• No Shinkei Geka · Aug 2001

    Review Case Reports

    [A case of a persistent primitive proatlantal intersegmental artery with a ruptured basilar bifurcation aneurysm].

    • Y Nonaka, K Nakatani, T Tanigawara, T Hattori, A Ohkuma, Y Kaku, and N Sakai.
    • Department of Neurosurgery, Prefectural Gifu Hospital, 40 Tsukasa-machi, Gifu 500-8705, Japan.
    • No Shinkei Geka. 2001 Aug 1; 29 (8): 775-9.

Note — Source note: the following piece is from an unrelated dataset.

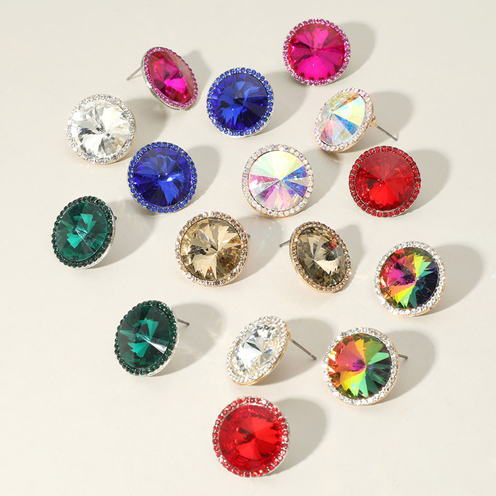 Round Glass Stone Evening Stud Earrings Round Glass Stone Evening Stud Earrings Round Glass Stone Evening Stud Earrings

    AbstractA case of persistent primitive proatlantal intersegmental artery (PPPIA) associated with a ruptured basilar bifurcation aneurysm was reported. A 44-year-old male with sudden headache was admitted to our hospital. CT scan revealed subarachnoid hemorrhage. Cerebral angiography revealed anomalous anastomosis between the internal carotid artery and the vertebral artery at the proatlantal region. This anastomosis branched off from the left internal carotid artery at the C4 level and joined the horizontal portion of the left vertebral artery. It was thought to be PPPIA. Angiography also revealed an aneurysm of the basilar bifurcation which was responsible for the patient's subarachnoid hemorrhage. The aneurysm was successfully treated by endovascular embolization with Guglielmi detachable coils in an acute stage, and resulted in good outcome. PPPIA with basilar bifurcation aneurysm has not been presented or reported in the literature to date. To our knowledge, this is the first report of such an association of vascular anomalies. The frequency of PPPIA combined with the intracranial aneurysm is relatively high, whereas the occurrence of PPPIA is extremely rare. Therefore, it was suggested that some congenital and/or hemodynamic factors changed by PPPIA may affect the pathogenesis of intracranial aneurysms.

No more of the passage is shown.